The affordable alternative to the Galapogas Islands, Isla de la Plata is an exciting day trip off the south west coast of Ecuador. Supposedly named after guano from the bird population (and less likely, the hidden treasure of an English sea captain), Isla de la Plata has many of the charms of the Galapagos Islands, just not in a comparable abundance. We had a great time and recommend it, especially if you are at the tail-end of your holiday and running out of kish cash.

Mosh pit.

The above photos were all taken from the landing beach. Not bad eh?

A view of the island.

Frigate birds clustered on a tree.

The charismatic frigate bird. The males inflate the pouches to try and pull the ladies.

A baby frigate bird.

A popular reason to visit Isla de la Plata is an opportunity to see blue-footed boobies nesting. We were lucky to be there at the right time.

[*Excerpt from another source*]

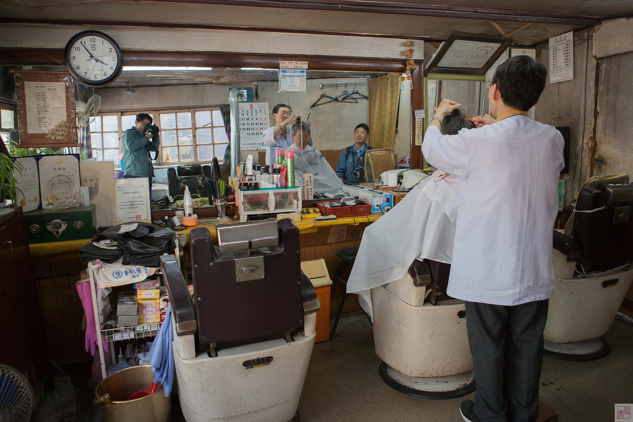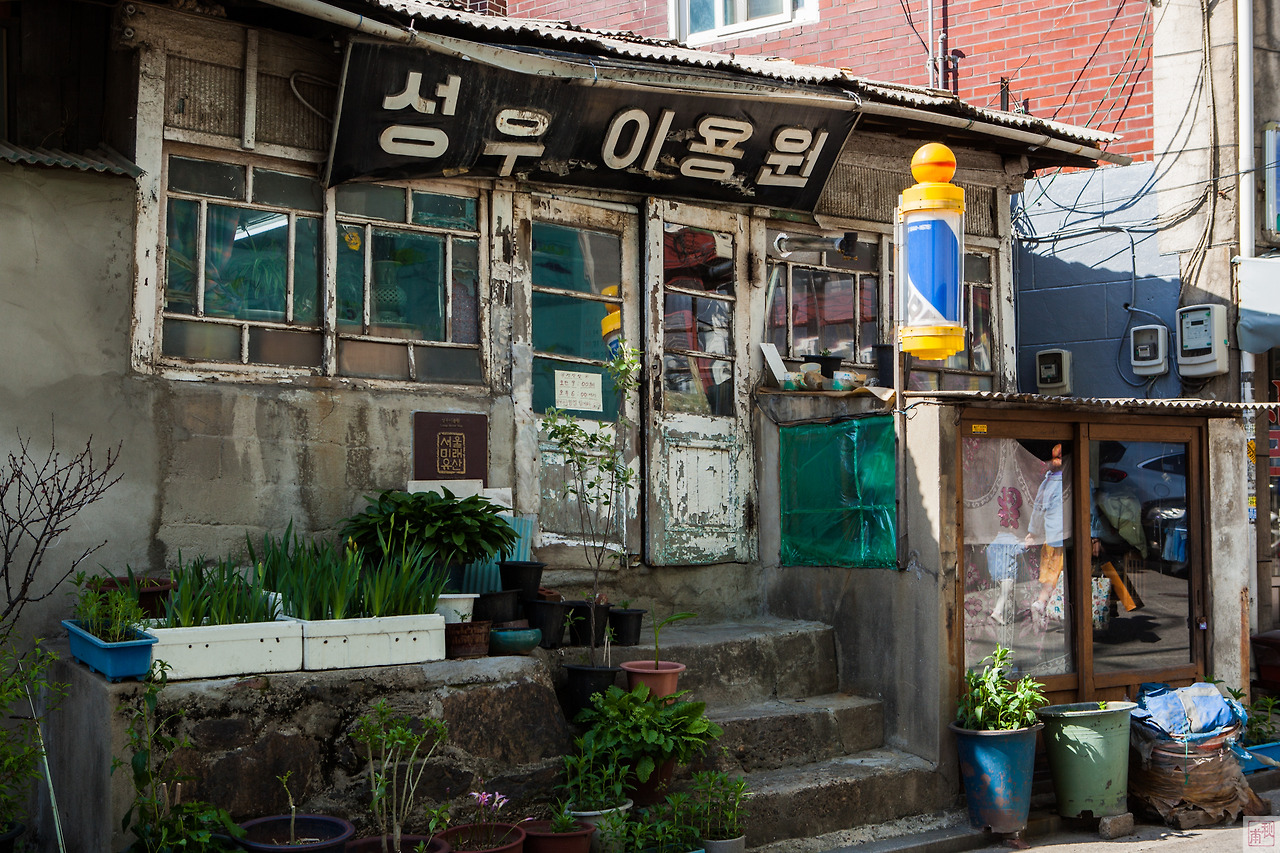 푸른 언덕을 넘어 만리재 방향으로 돌아가면 만리시장이 있다. 만리시장 건물은 원래 영화 세트장이라고 한다. 50-60년대 신상옥 감독과 최은희 배우가 영화를 찍던 역사적인 장소지만 지금은 시장으로 기능이 바뀌어 생활의 터전이 되었다. 만리시장을 지나 오르막길이 끝나는 곳에 ‘성우이용원'이 있다. 세월을 머금은 듯, 세월을 비켜간 듯 1927년부터 3대째 운영되고 있는 이발소다. 한눈에 봐도 많이 낡았다는 생각이 든다. 서울미래유산으로 등재도 되어 있다. 언론에 많이 노출되었음에도 불구하고 변한 것은 없는 것 같다. 최근에 산 도구가 족히 10년은 된다 하니 여기 모든 물건들이 골동품에 가깝다. 이남열 이발 명인의 솜씨를 느껴보고자 머리를 맡겼다. 가위질이 날렵하다. 가위질 소리가 예술이다. 하루아침에 이룰 수 없는 기술이다. 30년을 갈고닦아야 가능하다고 하신다. 도구를 갈 줄 알아야 하는데 이게 한 10년 걸린다고 하신다. 요즘 젊은이들이 배우려 하지 않는 이유이기도 하단다. 배울 수가 없는 기술이 되고 있다는 점이 안타깝다. 세월 앞에 장사가 없다는 말이 딱 들어맞는 그런 현실 앞에서 역사의 궤적을 더듬어본다. 변하지 않아서 좋은 점도 있고, 또 변해야만 좋은 점도 있다. 우리 모두 이 양 극단 사이의 어느 지점에 머물러 있지 않을까. 이런 현실이 바로 이 골목길의 매력이다.
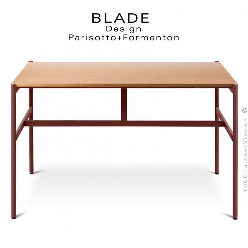 Table carré minimaliste design BLADE, plateau épaisseur 20 mm., dimensions 1450x1450 mm., type bois massif de Frêne, Chêne naturel et Chêne foncé ou Noyer, chant plateau arrondie. Piétement et structure en tube d'acier rond de 25 mm., et rectangulaire 12x45 mm., finition peinture au choix suivant gamme fabricant. Avec tampons plastiques de protections des sols.

As a final treat we were visited by a bale of turtles (that's what a group of turtles is called, apparently). They were pretty big, jumping in the water did not seem like a good idea…

 


Montañita

After a long overnight bus trip from Mancora with very little sleep, we arrived in Ecuador. Montañita is a little oasis of touristy delights. Perched right on the white sandy beaches of the Pacific ocean, the town is full of western bars and restaurants to cater for the steady stream of backpackers and holiday makers.

By the time we arrived, we were pretty travel weary so we made good use of the hammocks and the sand. The water was unfortunately freezing, which was disappointing! Even though we were so close to the ecuator, it was far too cold to go swimming but we did brace ourselves and jump in for a quick dip.
While we were there, we had the opportunity to go whale watching and spend a day in Isla de la Plata, an island off the coast commonly referred to as the “poor man's Galapogos” because it has some of the same animals but without the exorbitant price tag. The day trip was fantastic and highly recommended! We saw so many whales! They were breaching and playing all around us, one even went right underneath our boat. It was huge! An incredible experience!!

In the next post we will share our experience hiking on the island.

 


Máncora

Our last stop in Peru after Lima was Máncora, a surfing destination close to the northern border with Ecuador. It is a popular backpacker spot but most importantly, it has a beach.

We decided to find somewhere quiet to stay and found a nice bed and breakfast just down the road from Máncora. Marcial and Cecilia were wonderful hosts, great cooks. We really enjoyed our stay there, some much needed seclusion.

Our room at Marcilia Beach Bungalows

Our hosts explained that at this time of year the humpback whales were travelling south along the coast. That afternoon, as the sun was setting on the horizon, we saw a humpback from the comfort of our deck. We rushed down to the beach and watched the creature launch itself out of the water, again and again. Magic.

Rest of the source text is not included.